Sunday, August 4, 2013

V-Wars Book Review

V-Wars

Jonathan Maberry

Open Road Integrated Media

IDW Publishing

2/5 Stars 

          Vampires Suck!  That is pretty much my impression having read V-Wars.  A compilation of connected short stories with one theme.  The authors include: Nancy Holder, Yvonne Navarro, James A. Moore, Gregory Frost, John Everson, Keith R.A. DeCandido, and Scott Nicholson.  Some of these folks are real stars of horror fiction.  Particularly vampire fiction.  Just in my limited experience(I used to love vampire novels back in the day. You know before Twilight).  Nancy Holder and Yvonne Navarro particularly, are authors I remember enjoying.  But here, perhaps the concept has tied their hands.  The concept is that a viral outbreak has turned select people into vampires and werewolves.  This is, BY FAR, the most pedestrian and boring way of handling vampirism and this book; while it has an interesting structure.  That of a many layered short story collection that shares settings, characters, etc… Is in the end a virtual disaster.  Practically every story is one of being bitten or somehow “contracting” the virus.  Which makes these stories pretty much throw away, even with the best writing.  One story, that involves a vampire hunting biker gang, completely falls apart in the last story of it’s series.  Turning one of the most interesting stories in the book into “just another story” in the book.

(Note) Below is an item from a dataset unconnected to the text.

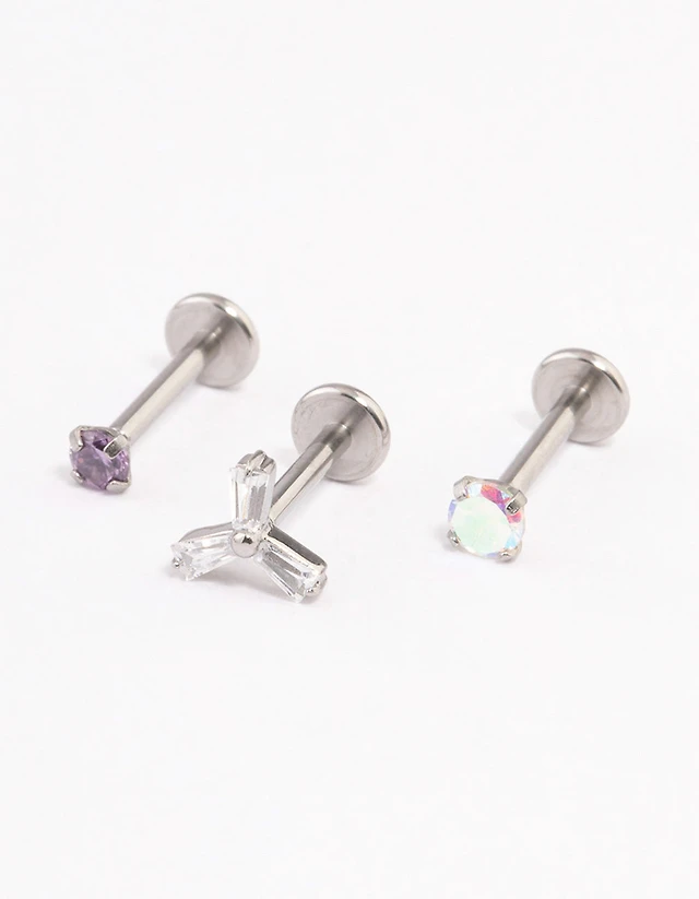 Surgical Steel Cubic Zirconia Mixed Threadless Flat Back Studs 3-Pack

          Vampires created via virus are pretty much reserved for fodder in books and movies.  They should stay there.  Vampires are fun because they are mysterious, sexual, eternal, and magical.  These vampires are about as magical as a lion.  And as interesting as one of the, now overdone, zombie infection movies are.  By the end of V-Wars I was completely and uttering bored.  No matter which story the book switched to, it just seemed like more of the same.  The concept of this book might have been interesting for one or two short stories.  But an entire book of them, just beat the concept to death.  And just like in the book, when you’re dead there is no coming back.